Paralinguistics-Enhanced Large Language Modeling of Spoken Dialogue

Large Language Models (LLMs) have demonstrated superior abilities in tasks such as chatting, reasoning, and question-answering. However, standard LLMs may ignore crucial paralinguistic information, such as sentiment, emotion, and speaking style, which are essential for achieving natural, human-like spoken conversation, especially when such information is conveyed by acoustic cues. We therefore propose Paralinguistics-enhanced Generative Pretrained Transformer (ParalinGPT), an LLM that utilizes text and speech modalities to better model the linguistic content and paralinguistic attributes of spoken dialogue. The model takes the conversational context of text, speech embeddings, and paralinguistic attributes as input prompts within a serialized multitasking multimodal framework. Specifically, our framework serializes tasks in the order of current paralinguistic attribute prediction, response paralinguistic attribute prediction, and response text generation with autoregressive conditioning. We utilize the Switchboard-1 corpus, including its sentiment labels as the paralinguistic attribute, as our spoken dialogue dataset. Experimental results indicate the proposed serialized multitasking method outperforms typical sequence classification techniques on current and response sentiment classification. Furthermore, leveraging conversational context and speech embeddings significantly improves both response text generation and sentiment prediction. Our proposed framework achieves relative improvements of 6.7%, 12.0%, and 3.5% in current sentiment accuracy, response sentiment accuracy, and response text BLEU score, respectively.

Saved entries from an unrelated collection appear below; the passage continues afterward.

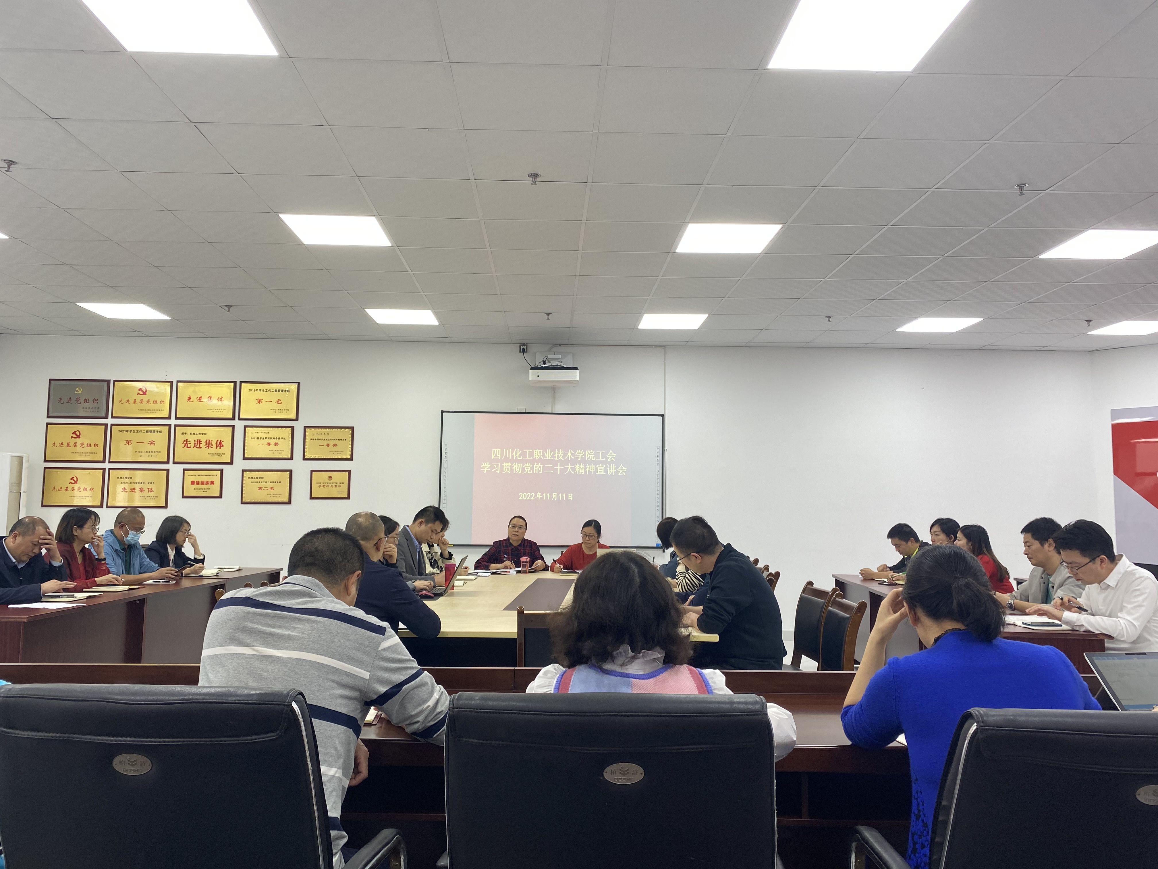 11月11日下午,学校工会在综合办公楼113会议室召开了学习贯彻党的二十大精神宣讲会,全校工会专兼职干部共40余人参加宣讲会。学校党委副书记、纪委书记、工会主席陈淑娟作宣讲。宣讲会由工会副主席刘咏梅主持。
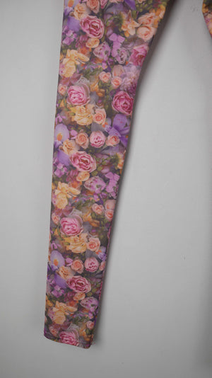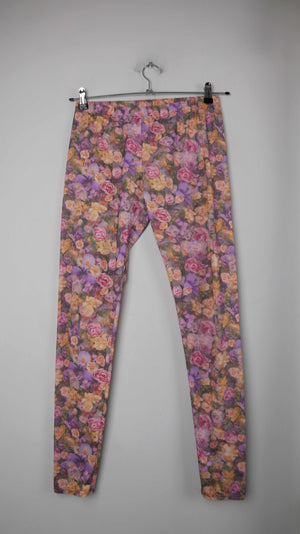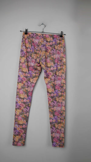H&M Leggings 38 M bunt Blumen lila Orange geblümt
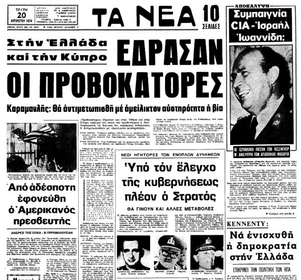 «ΤΑ ΝΕΑ», 20.8.1974, Ιστορικό Αρχείο «ΤΟ ΒΗΜΑ» & «ΤΑ ΝΕΑ»
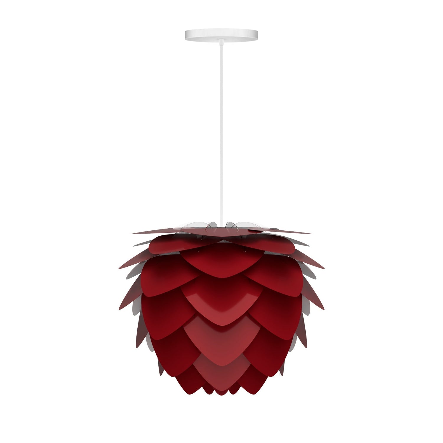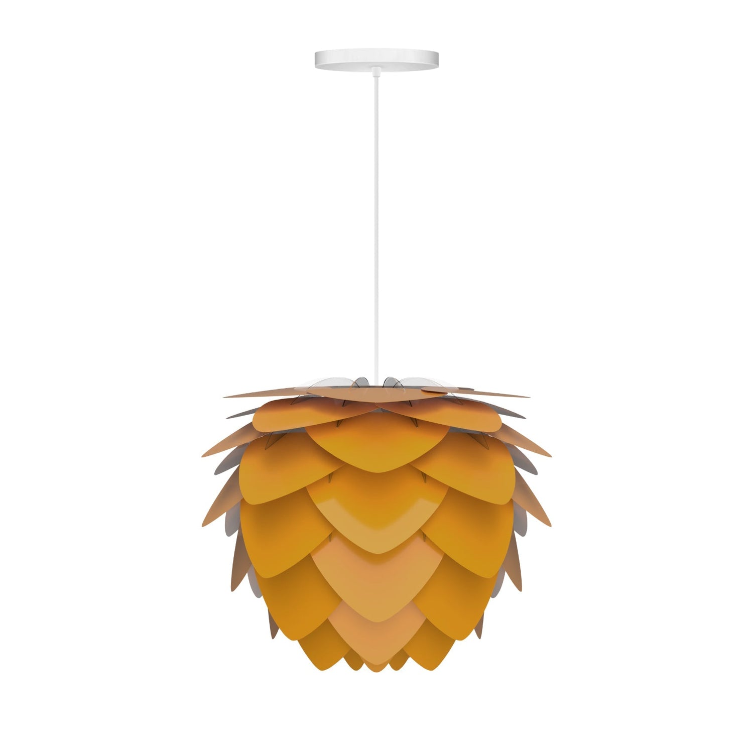 Modern. Elegant. Striking. The Aluvia is an artistic assemblage of 60 precision-cut aluminum leaves, overlapping each other on a durable polycarbonate frame. These metal leaves surround the light source, emitting glare-free, ambient light. The underside of each leaf is painted white for increased light reflection, and the exterior is finished in various colors. Hang over the dining table, position it in a corner, or use as a statement piece anywhere; the Aluvia makes an artistic impact in any room.

翻译：大语言模型（LLMs）在聊天、推理和问答等任务中展现出卓越能力。然而，标准LLM可能忽略情感、情绪和说话风格等关键副语言信息——这些信息对于实现自然、类人的口语对话至关重要，尤其是当此类信息通过声学线索传递时。为此，我们提出副语言学增强型生成式预训练Transformer（ParalinGPT），该LLM利用文本与语音模态，以更优方式对口语对话的语言内容和副语言属性进行建模。该模型将文本会话上下文、语音嵌入和副语言属性作为输入提示，集成于序列化多任务多模态框架中。具体而言，我们的框架按当前副语言属性预测、响应副语言属性预测和响应文本生成的顺序，通过自回归条件化实现任务序列化。实验采用Switchboard-1语料库（包含情感标签作为副语言属性）作为口语对话数据集。结果表明，所提出的序列化多任务方法在当前和响应情感分类任务上优于典型序列分类技术。此外，利用会话上下文和语音嵌入可显著提升响应文本生成与情感预测性能。本框架在当前情感准确率、响应情感准确率和响应文本BLEU评分上分别获得6.7%、12.0%和3.5%的相对提升。